If the child in your head
If the child is dead
Sing to me

Blur



Avril sonnait le glas d’un anniversaire dont il n’aurait jamais cru venir à bout, et c’était pourtant debout, vivant, qu’il affrontait devant lui l’épitaphe sommaire qui ornait le sépulcre, au prise de ces instants où les temps se mêlaient, se superposaient et existaient tous à la fois , cueillant sans plus attendre les bribes de pensées pour les précipiter dans une conversation qui n’avait de logique qu’au cœur des amputés.

C’est moi.

Les encres grasses d’un soleil crépusculaire parsemaient un ciel où s’effilochaient de rares lambeaux de nuages, filigranes à venir d’une nuit venteuse dont les enfants sages n’auraient pas de souvenirs et qui s’étoffait du clignotement diffus de quelques rares étoiles déjà suspendues à l’heure encore jeune.
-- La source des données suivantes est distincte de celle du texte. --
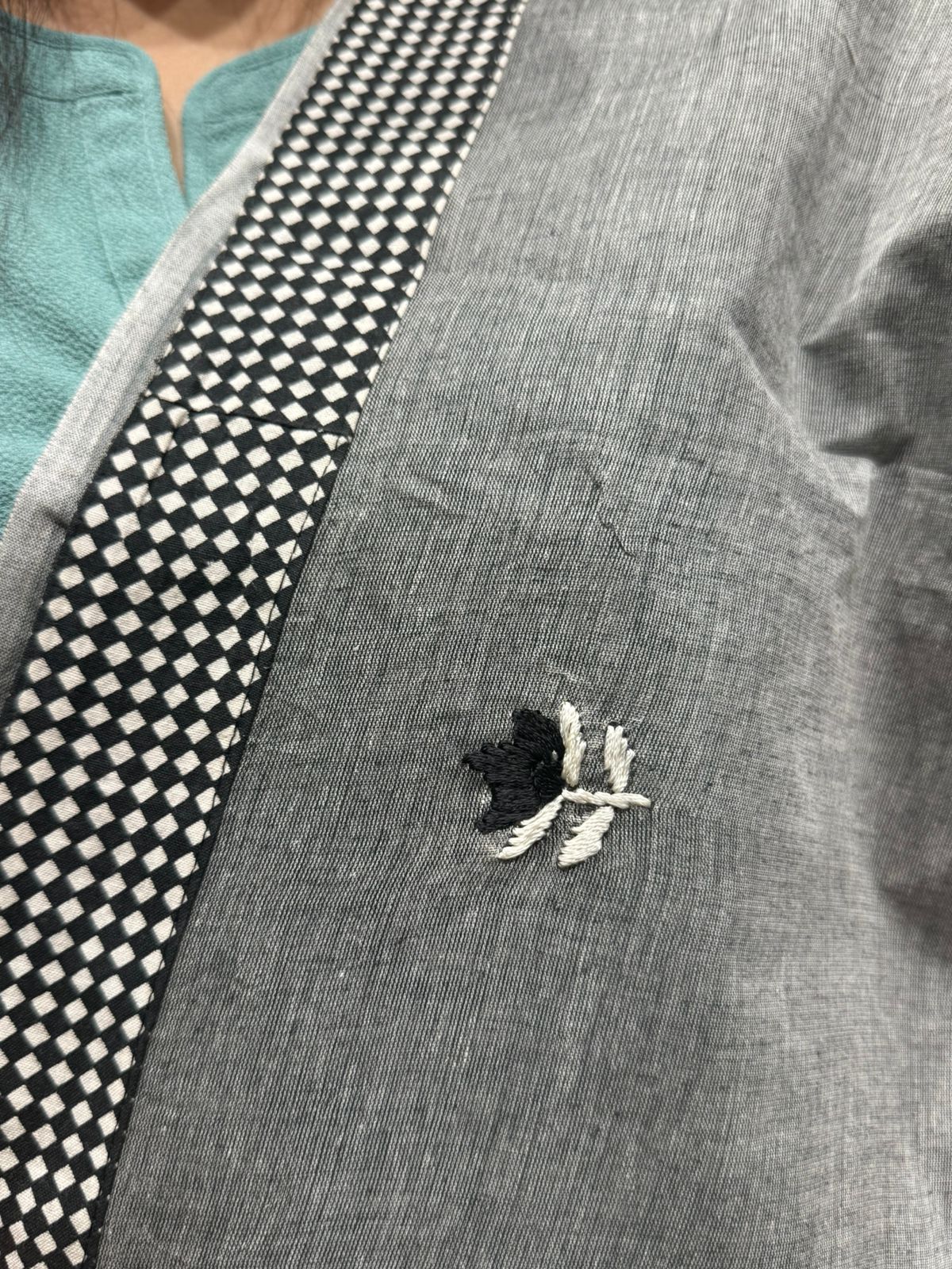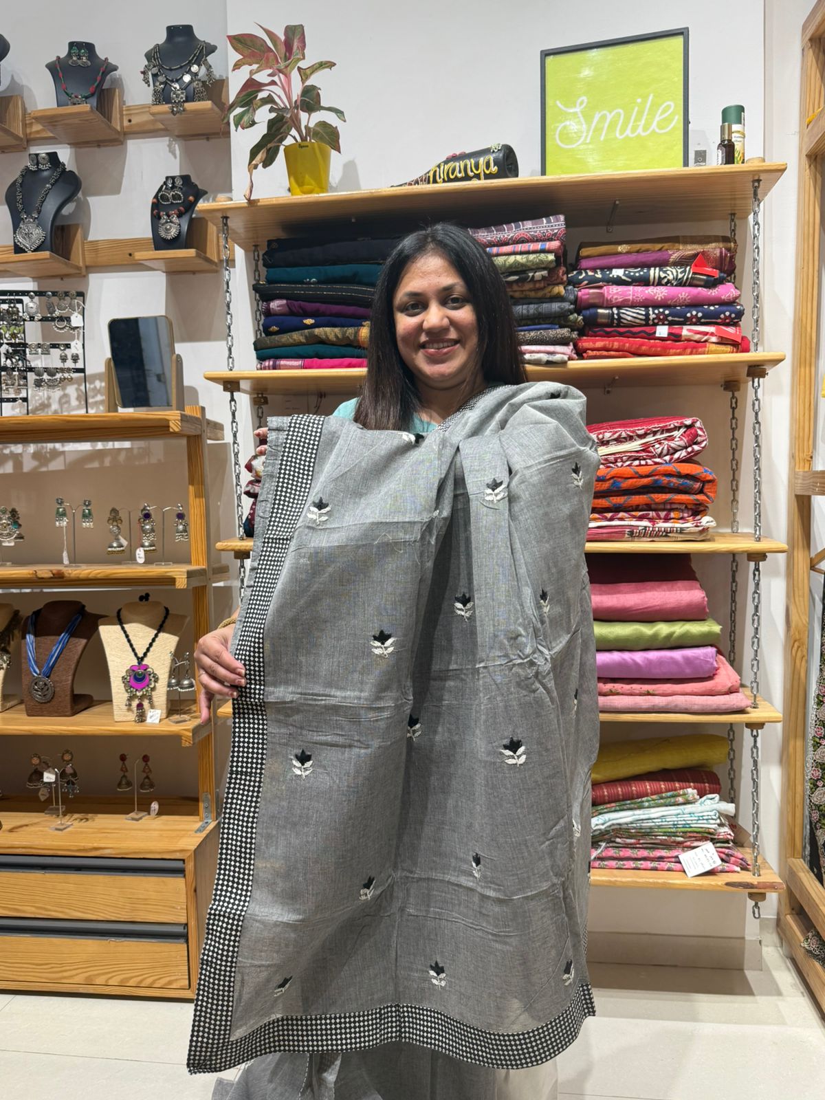 Mercerdized Handloom Cotton Saree with Jamdani Weaving -GreenBlack
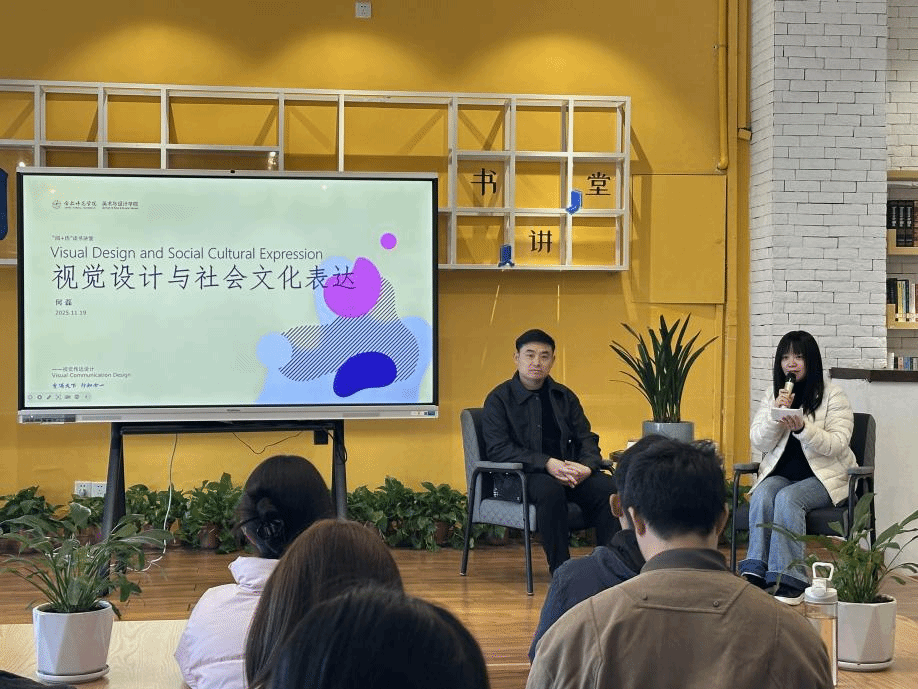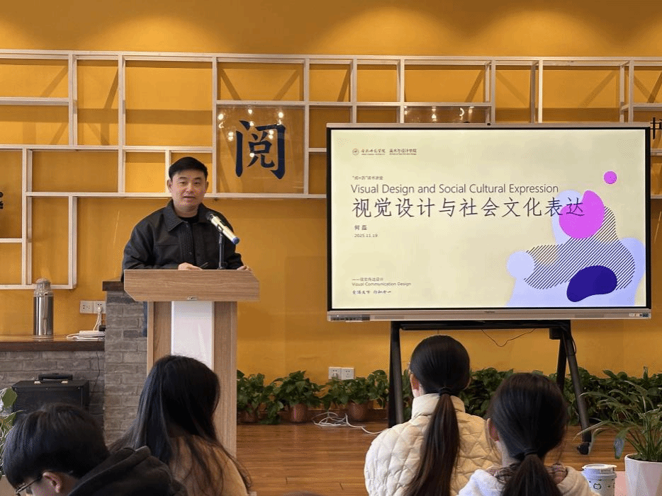 2025年11月19日,江淮文化名家、中国包装联合会设计委员会全国委员、我校美术与设计学院何磊教授做客“阅+历”读书讲堂,以“视觉设计与社会文化表达”为主题为在场师生带来了一场视觉盛宴。本次讲座由校阅读推广人教师周玉主持。
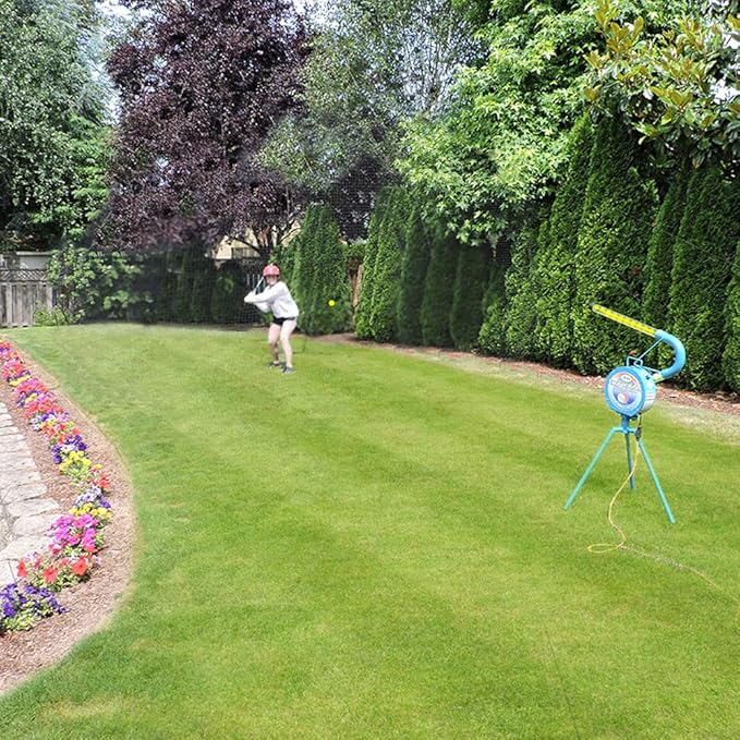 - Throws 5-inch, 5-ounce polyurethane foam ball, that's half the size of normal baseball.

Dans son dos, à quelques pas, il devinait la présence de la gitane, compagne tempétueuse de ces instants endeuillés, témoin involontaire du voile mortuaire qui s’était posé à son visage, tenant dans ses bras la silhouette emmaillotée d’Antoine dont les yeux noirs curieux trouvaient à une boucle brune maternelle plus de panache qu’au cimetière qui les accueillait.

Un an.

Un sourire tendre s’égara à ses lèvres, égayé de milles souvenirs, bousculé par le vide immédiat qui leur succédait toujours aussi immanquablement même si, au fil des mois, l’abime s’était résorbé, s’attardant dans le pli d’une infinie tristesse aux accents acceptés, tandis qu’il entamait son monologue, privilège réservé à ceux qui ont perdu, se relèvent et avancent .

Un an que tu es parti.
Vois, je ne dis plus que tu m’as quitté.
Je progresse.
Je ne suis pas venu souvent… Jamais, tu as raison…
Je me mange peu, me couche tard, me lève tôt, bois parfois trop, parfois pas assez, baise jusqu’à en perdre le souffle, me perds rarement, m’égare souvent, survole constamment… Dit comme cela, il n’y a pas grand-chose de changé n’est-ce pas ?
Et pourtant Quentin, pourtant…


La pulpe de ses doigts fourmilla doucement d’une envie, et s’accroupissant à hauteur de la stèle, le chat laissa courir ses doigts encore attelé de leur séjour à la cour des miracles sur la pierre sobre qui lui faisait face, comme s’il avait pu au travers d’un mètre de terre, sentir la chaleur du lion, tapi dans la pénombre des gravats mortuaires, en proie à un manque égoïste pour la première fois depuis longtemps.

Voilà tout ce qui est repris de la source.